Herkomst en leefwijze van de lori van de blauwe bergen
De lori van de blauwe bergen komt voor in Oost- en Zuidoost Australie,Tasmanie
en op Kangoeroe eiland.
In hun verspreidingsgebied bewonen ze gebieden met boombestanden, open
regenwouden, savannen en plantages. Ook komen ze voor in parken van
woongebieden. Ze komen zowel paarsgewijs, in kleine groepen als ook in
grote zwermen voor. Hun voedsel bestaat in hoofdzaak uit nektar,
bloesem, vruchten, bessen, zaden, pollen en insecten en hun larven.
De voeding
Lories stellen hele andere eisen aan de
voeding dan de meeste andere kromsnavels. Gelukkig zijn er heden
ten dage diverse volwaardige kant en klaar
voeders voor lories en andere zachtvoereters in de handel. In de meeste
gevallen zijn de vogels hier dan ook prima op te houden. Betreffende
voeders kunnen variëren van korrelig tot poedervormig en moeten worden
aangelengd met water. Tegenwoordig zijn er ook pellets in de handel die
speciaal voor lories zijn ontwikkeld.
F. Beswerda,een goede vriend van mij, was één van de eerste kwekers in
Nederland die succesvol kweekte met lories. Na jarenlang
geëxperimenteerd te hebben met de voeding voor zijn lories ontwikkelde
hij uiteindelijk een recept waarmee hij zeer goede kweekresultaten
behaalde en haalt. Dit recept bestaat uit twee gelijke delen en ziet er
als volgt uit:
1. Een
moes van fruit en groente. Deze wordt gemaakt van appels, peren,
aardbeien, ananas, wortelen, komkommers en andere groente- en
fruitsoorten die op dat moment beschikbaar zijn (geen bananen en
sinaasappelen, deze kunnen namelijk darmstoornissen veroorzaken).
2. Een
mengsel van nutrix rijstebloem, bambix, eivoer en insectenvoer, waaraan
vervolgens nog een theekopje roosvicè, twee theelepeltjes gistocal, een
half theelepeltje zeewier, een dessertlepel multivitamine, een theekopje
druivensuiker en een flinke hoeveelheid honing wordt toegevoegd.**
Bovenstaand mengsel wordt vervolgens aangelengd met water tot dat het de
dikte heeft bereikt van yoghurt. Het voer kan in grotere porties worden
aangemaakt en in de diepvries bewaard.
** Voor ´mengsel 2´ kan eventueel ook een kant en klaar lorivoer
gebruikt worden.
Bovenstaande voeding kan eventueel dagelijks nog worden aangevuld met
een weinig zonnebloempitten en trosgierst (wordt niet door alle soorten
gegeten).
Naast bovenstaande voeding kunnen, indien voorradig, wilgentakken en
onrijpe gras- en onkruidzaden aan de vogels gegeven worden.

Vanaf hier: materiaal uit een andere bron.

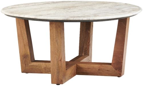 This cocktail table balances earthy texture with structural charm. A round gray travertine top with soft white veining sits over a warm wood base, where angled legs connect into a framed platform design. The open construction adds lightness to the solid materials. Floor levelers included for added stability.Read More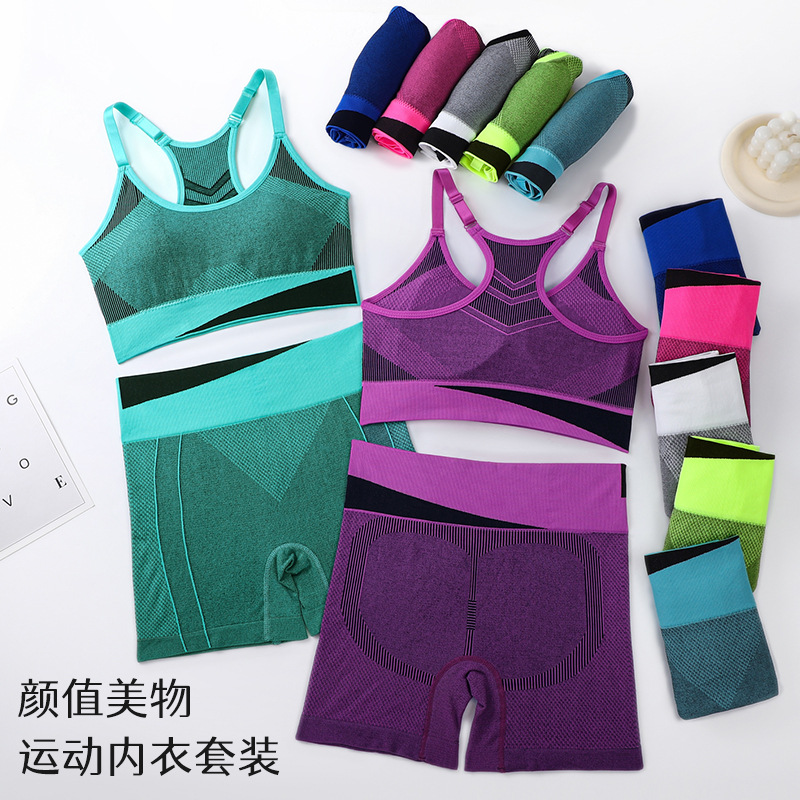 クロスボーダー衝突色運動ブラジャーセット工字背フィットネスヨガジョギング防震胸収腹提尻形ズボン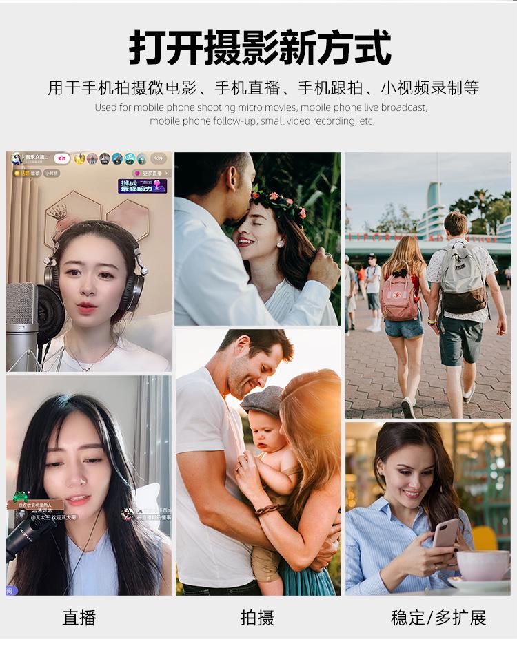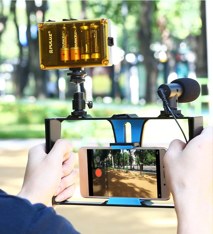 PULUZ 2 em 1 transmissão ao vivo de vídeo para smartphone + kits de microfone para iPhone, Galaxy, Huawei, Xiaomi, HTC, LG, Google e outros smartphones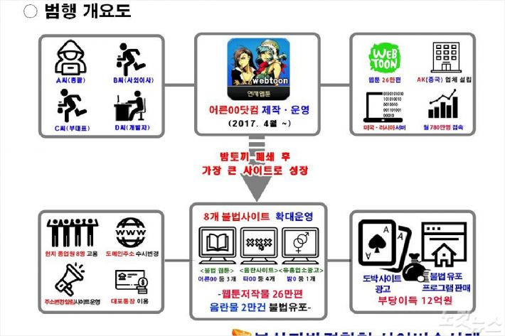 여기에다 현지인 8명을 고용해 웹툰 업로드와 음란물 관리를 맡기는 등 조직적인 운영에 나섰다.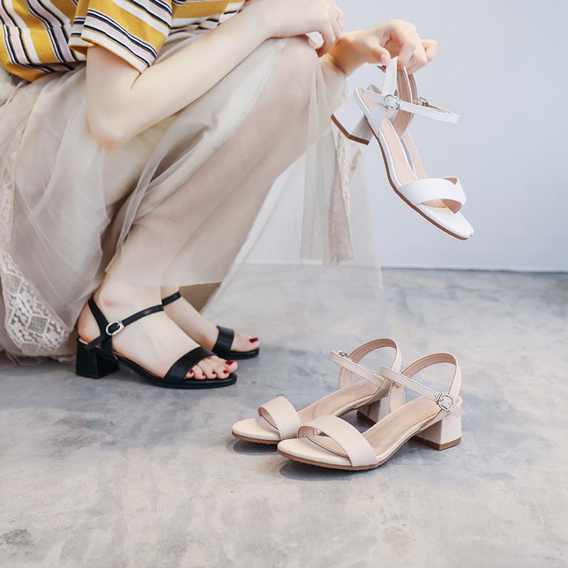 凉鞋女2023新款百搭一字扣带粗跟中跟露趾韩版夏季凉鞋高跟女鞋 |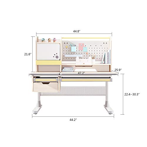 ✅LARGE 47” DESKTOP WITH ADJUSTABLE HEIGHT: The height of this desk can be adjusted to keep up with your fast-growing kids. (Easily rotate the knob to raise or lower the height. Once the height is set, lock the knob to keep it stable without shaking and tilting
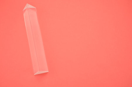 crystal transparent pyramid with light reflection on orange background, horizontal crop
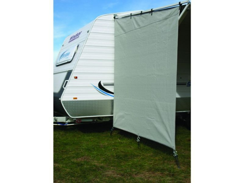Camec Privacy End Caravan With Ropes And Pegs, 1 Year Warranty. The Camec Privacy Screen End Wall is an ideal Caravan / RV accessory to add to any Roll Out Awning. It sets up in just a few minutes and offers privacy and shade without having to set up the traditional heavy canvas annexe walls.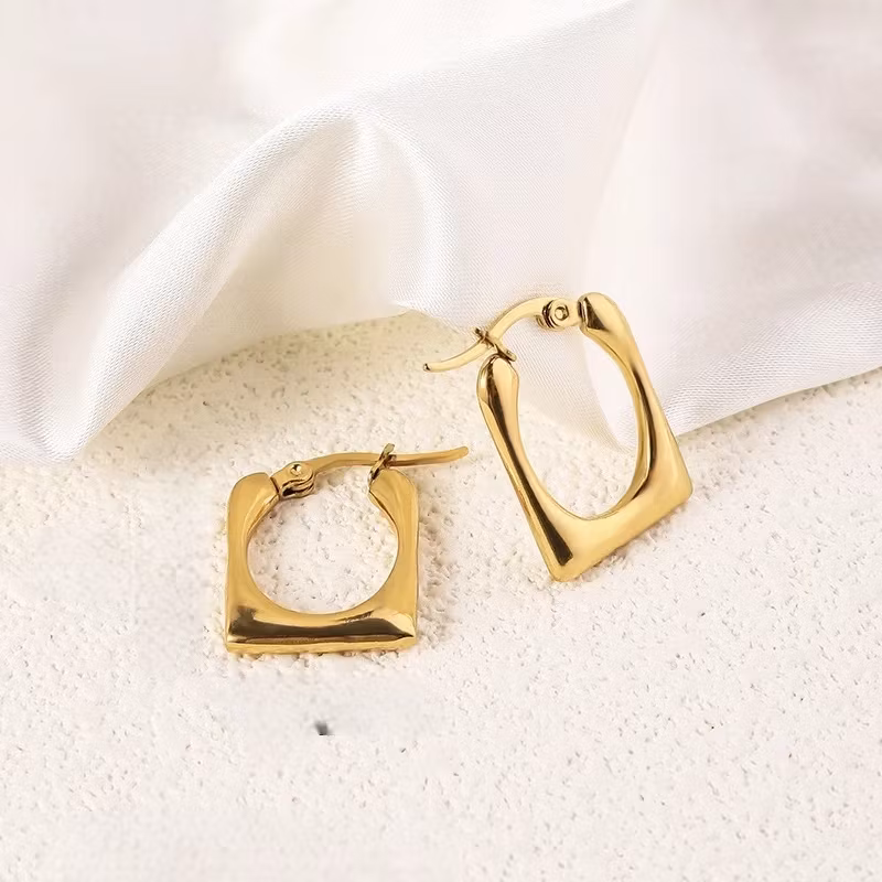 Dessa moderna geometriska creoler är perfekta när du vill addera något stilrent men ändå unikt till din look. Den mjukt kantiga formen ger ett elegant statement utan att bli för mycket, och den spegelblanka guldfinishen lyfter både vardagsoutfits och kvällsstil. Tillverkade i rostfritt stål för lång hållbarhet och en lätt känsla hela dagen.

Verder is belangrijk om het voedsel van lories in vrij zware voerbakjes
aan te bieden. Dit voorkomt dat de vogels ze omgooien en of er mee gaan
spelen, wat ze graag doen! Verder is het van belang dat het voer niet te
dik is. Bij het oplikken van het lorivoer met de penseeltong steken ze
de snavel vrij diep in het voer. Hierbij komt voer op de bevedering wat
ze vervolgens verwijderen door met de kop te schudden. Bij een te dik
voer zullen de resten van de kop ´vliegen´ en overal in de volière
terecht komen. Daarnaast zullen er bij een te dik voer voedselresten aan
de snavel blijven kleven, die op den duur een korst kunnen vormen op en
boven de snavel. Dit kan op zijn beurt weer aanleiding geven tot
vervelende schimmelinfecties bij de vogels.
Huisvesting van lories
Een volière voor lories dient een minimale lengte te bezitten van 3
á
4 meter, een breedte van 1 meter en een hoogte van ca. 2 meter. Een
langere volière is niet echt nodig omdat lories geen typische vliegers
zijn. Ze houden meer van klauteren, springen en klimmen. De volière
dient daarom klimbomen, dikke stukken touw en ander speelgerei te
bevatten. Verder moet
het
verblijf gemakkelijk schoon te houden zijn, dit in verband met de dunne
ontlasting van de vogels. Dit betekent dat de de wanden en de vloeren
het beste van gladde materialen, bijvoorbeeld trespa of tegeltjes kan
zijn vervaardigd.
Kweken met de lori van de blauwe bergen in de volière
Vergelijkbaar met de groenneklori, zie aldaar.
Bijzonderheden
Bij T. h. moluccanus
hebben zich inmiddels als een groot aantal mutaties voorgedaan.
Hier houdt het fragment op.